WHAT TO WORK ON> Please transcribe exactly the lines from the first line of the records below through the line containing "Bill Voegele, iniziò", including both, and omit all pictures.

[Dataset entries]
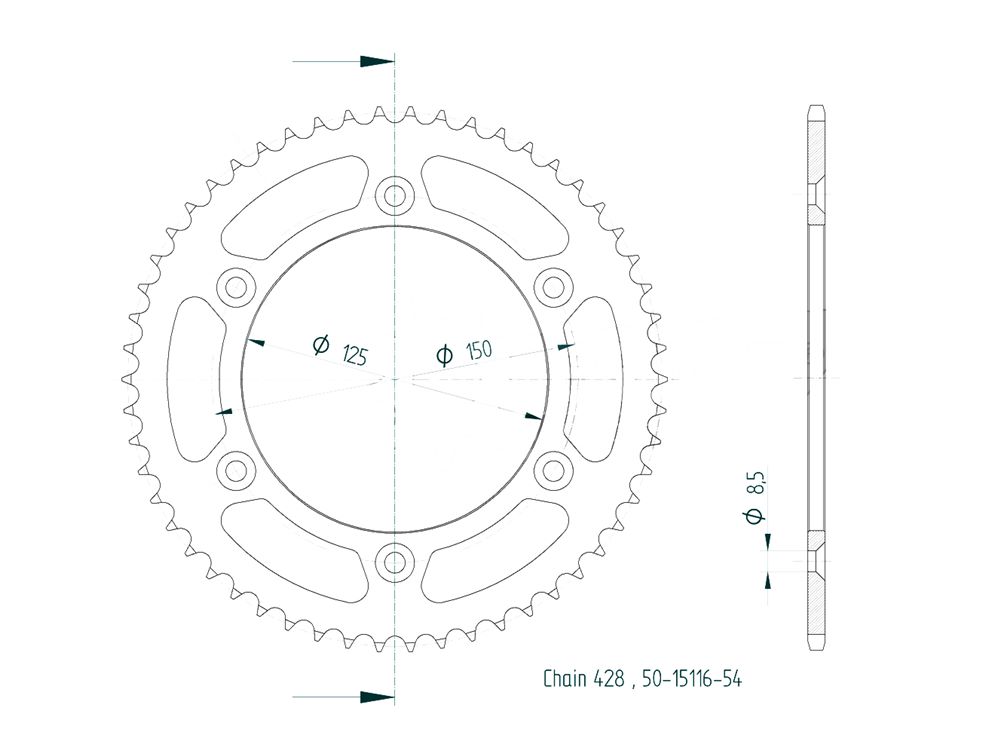 Kettenrad Stahl 54 Zähne (428) passend für SWM Ace of Spades / Grand Milano Outlaw
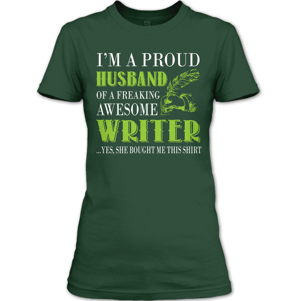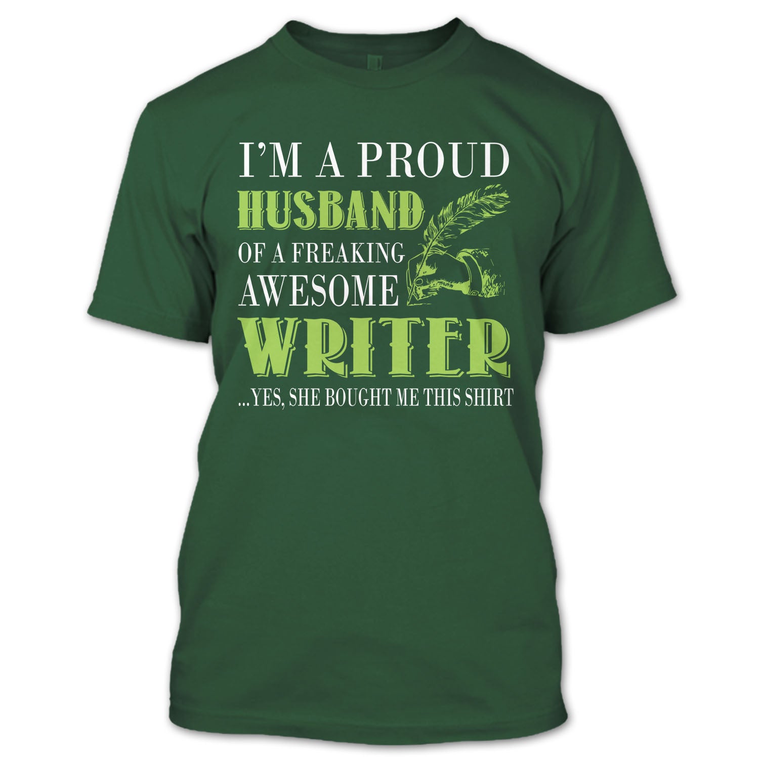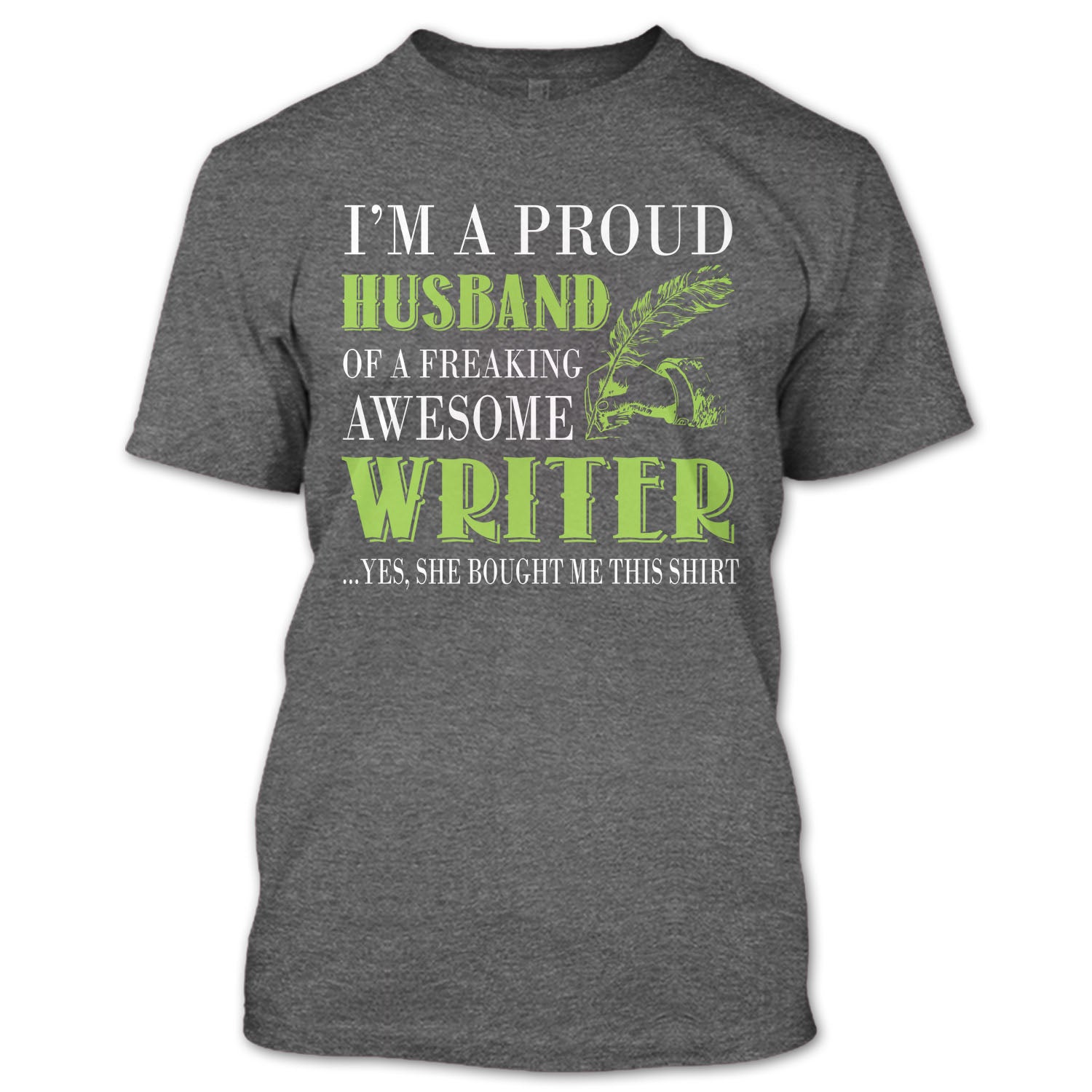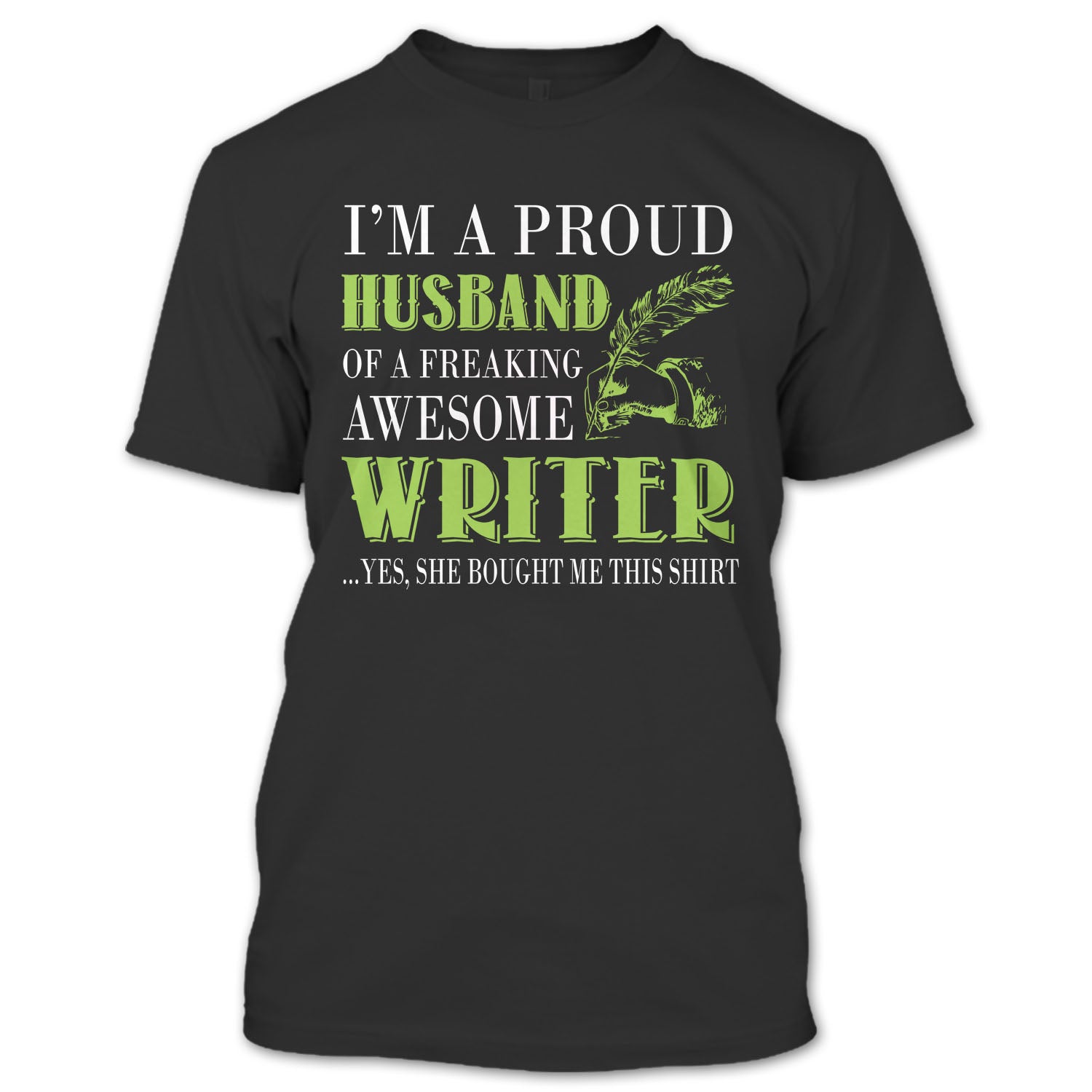 I'm A Proud Husband Of A Freaking Awesome Writer T Shirt, Yes She Bought Me This Shirt T Shirt
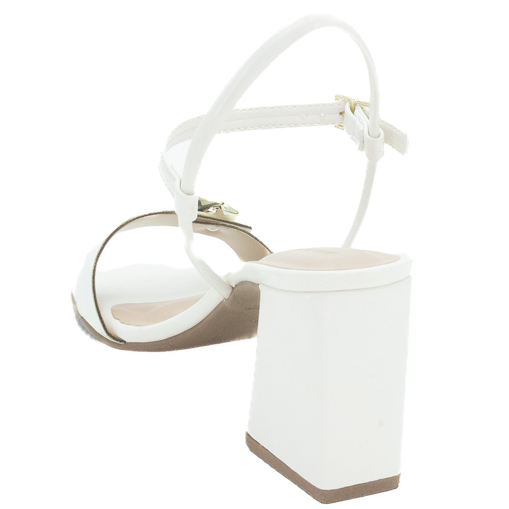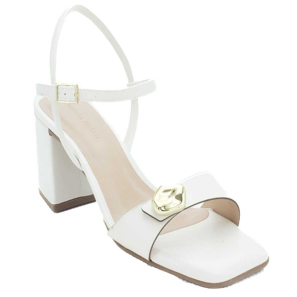 Ref: A Sandália Feminina Renata Mello 8461.90906 Off White é um calçado elegante e moderno, ideal para compor visuais sofisticados e contemporâneos. Destaca-se pelo design clean na cor Off White (branco quebrado), o que a torna extremamente versátil e fácil de combinar com diversas paletas de cores e estilos, desde um visual casual até um mais formal. Ela apresenta um salto bloco de altura média, que oferece maior conforto e estabilidade ao caminhar, sendo uma excelente opção para quem busca elegância sem abrir mão do bem-estar. A sandália possui uma tira única larga sobre os dedos, com um detalhe metálico dourado em formato orgânico que confere um toque de charme e sofisticação ao modelo. O fechamento é feito por uma tira fina no tornozelo com fivela ajustável na cor dourada, garantindo um ajuste seguro e personalizado ao pé. Além disso, o bico é de formato quadrado, seguindo uma tendência atual da moda calçadista. Confeccionada com materiais sintéticos de qualidade, essa sandália é perfeita para diversas ocasiões, como festas, eventos ou mesmo para dar um toque de classe a um look de trabalho ou passeio.
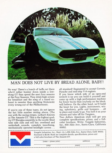 Bill Voegele, iniziò la sua attività lavorativa in Fiberfab, nota azienda di auto in kit con carrozzeria in vetroresina, alla fine degli anni sessanta, periodo nel quale questo genere di aziende era sulla cresta dell’onda. L’ingegnere meccanico, si rese conto ben presto che la qualità delle vetture non era sempre buona, e si scontrò spesso con i vertici Fiberfab, senza ottenere grande considerazione. Maturò quindi l’idea di mettersi in proprio, assieme ad altri due, già ex, colleghi che nel frattempo avevano avviato una loro attività di costruzione di vetture in vetroresina, sempre a Santa Clara in California. John Hebler e John Ubina avevano fondato la Hebina Plastics, ma la loro attività era a corto di denaro, e avevano diversi problemi a lanciarsi sul mercato con il loro nuovo prodotto: la Gazelle.
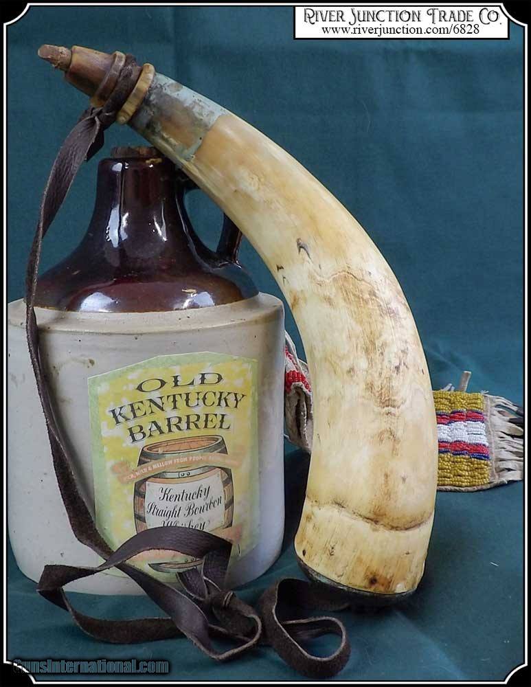 Description: ORIGINAL ANTIQUE: COLONIAL/AMERICAN REVOLUTIONARY WAR PERIOD AMERICAN POWDER HORN ca.1750-1770: In overall good + untouched condition and a classic mid-18th Century Colonial American form with a wooden base-plug and a chip-carved/turned and collared pouring-spout. Natuaul colored cow-horn surfaces with traces of colonial blue milk paint on the base-plug. Of medium-size with a carved neck pouring-spout-collar and its original carved, convex, reddish-brown-colored, hardwood (walnut?) base-plug. Original square-shank-tacks and complete with its rust iron eye screw for a suspension cord. In overall untouched condition with a few minor moth chews and wear. Minor scuffs, abrasions and smooth. Below the collar is a blue milk paint painted band about 1 1/2 inches wide. Overall length, approx. 15” including the original stopper and eye screw. For similar examples, please see Neumann & Kravic's: "Collector's Illustrated Encyclopedia of the American Revolution". SOLD |
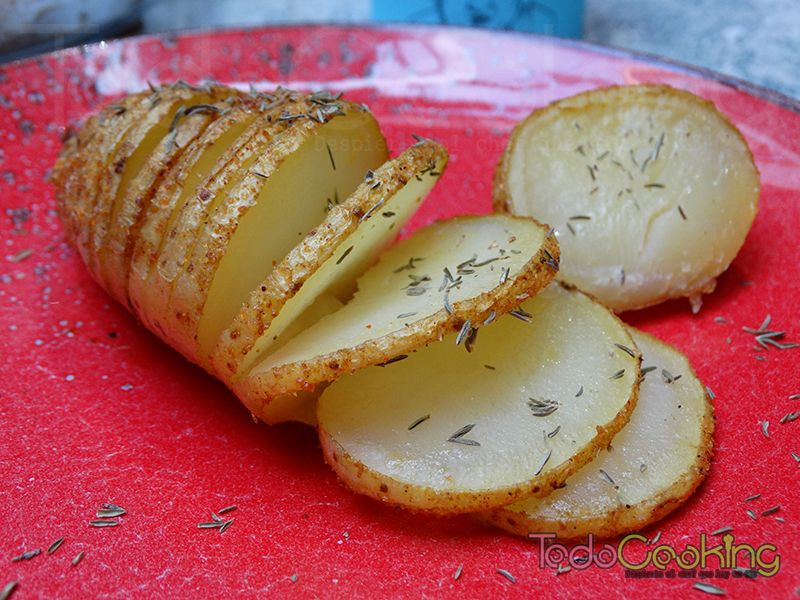 Lo que hacen que estas patatas Hasselback sean tan peculiares son sus cortes en forma de acordeón, la forma ideal para conseguir una patata bien asada, crujiente y sabrosa, porque las especias o hierbas penetran mucho mejor en ellas.

SOLUTION TO THIS TASK>
 Kettenrad Stahl 54 Zähne (428) passend für SWM Ace of Spades / Grand Milano Outlaw
 I'm A Proud Husband Of A Freaking Awesome Writer T Shirt, Yes She Bought Me This Shirt T Shirt
 Ref: A Sandália Feminina Renata Mello 8461.90906 Off White é um calçado elegante e moderno, ideal para compor visuais sofisticados e contemporâneos. Destaca-se pelo design clean na cor Off White (branco quebrado), o que a torna extremamente versátil e fácil de combinar com diversas paletas de cores e estilos, desde um visual casual até um mais formal. Ela apresenta um salto bloco de altura média, que oferece maior conforto e estabilidade ao caminhar, sendo uma excelente opção para quem busca elegância sem abrir mão do bem-estar. A sandália possui uma tira única larga sobre os dedos, com um detalhe metálico dourado em formato orgânico que confere um toque de charme e sofisticação ao modelo. O fechamento é feito por uma tira fina no tornozelo com fivela ajustável na cor dourada, garantindo um ajuste seguro e personalizado ao pé. Além disso, o bico é de formato quadrado, seguindo uma tendência atual da moda calçadista. Confeccionada com materiais sintéticos de qualidade, essa sandália é perfeita para diversas ocasiões, como festas, eventos ou mesmo para dar um toque de classe a um look de trabalho ou passeio.
 Bill Voegele, iniziò la sua attività lavorativa in Fiberfab, nota azienda di auto in kit con carrozzeria in vetroresina, alla fine degli anni sessanta, periodo nel quale questo genere di aziende era sulla cresta dell’onda. L’ingegnere meccanico, si rese conto ben presto che la qualità delle vetture non era sempre buona, e si scontrò spesso con i vertici Fiberfab, senza ottenere grande considerazione. Maturò quindi l’idea di mettersi in proprio, assieme ad altri due, già ex, colleghi che nel frattempo avevano avviato una loro attività di costruzione di vetture in vetroresina, sempre a Santa Clara in California. John Hebler e John Ubina avevano fondato la Hebina Plastics, ma la loro attività era a corto di denaro, e avevano diversi problemi a lanciarsi sul mercato con il loro nuovo prodotto: la Gazelle.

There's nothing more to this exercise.